Partijen worden hierna [appellante sub 1] , [appellant sub 2] en Staatsbosbeheer genoemd. Appellanten worden gezamenlijk [appellanten] (enkelvoud) genoemd.
[appellanten] is bij dagvaarding van 17 augustus 2015 in hoger beroep gekomen van een vonnis van de kantonrechter in de rechtbank Noord-Holland (hierna: de kantonrechter) van 20 mei 2015, voor zover onder bovenvermeld zaaknummer gewezen tussen [appellanten] als eiser in conventie en Staatsbosbeheer als gedaagde in conventie.
Partijen hebben daarna de volgende stukken ingediend:
- memorie van grieven, met producties;
- memorie van antwoord, met producties.
Partijen hebben de zaak ter zitting van 24 mei 2016 doen bepleiten, [appellanten] door zijn hiervoor genoemde advocaat en Staatsbosbeheer door mr.
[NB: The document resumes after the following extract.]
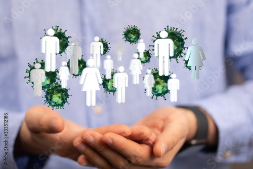 Group of virus cells. 3D illustration of Coronavirus cells.
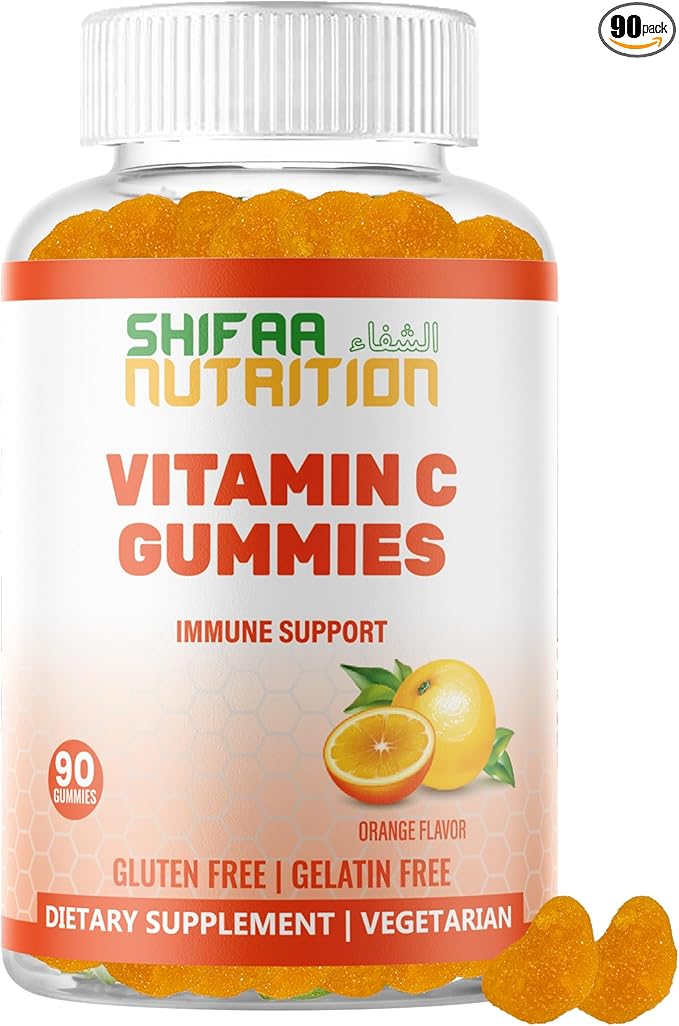 - IMMUNE SUPPORT: SHIFAA NUTRITION Natural Vitamin C Supplement for Adults and Kids are made of premium quality ingredients to support the Immune system. Where our Chewable Vitamin C for Kids & Adults gummies Promote Body's Natural Defense Mechanism, they are also helpful for seasonal support like runny nose, sneezing, sniffles, cold, cough & congestion.

E.M. Eringa, advocaat te Den Haag, ieder aan de hand van pleitnotities die zijn overgelegd.
Ten slotte is arrest gevraagd.
[appellanten] heeft geconcludeerd dat het hof het bestreden vonnis zal vernietigen en, opnieuw rechtdoende, bij arrest, de vordering van [appellanten] zal toewijzen met veroordeling van Staatsbosbeheer in de kosten van de procedures in beide instanties.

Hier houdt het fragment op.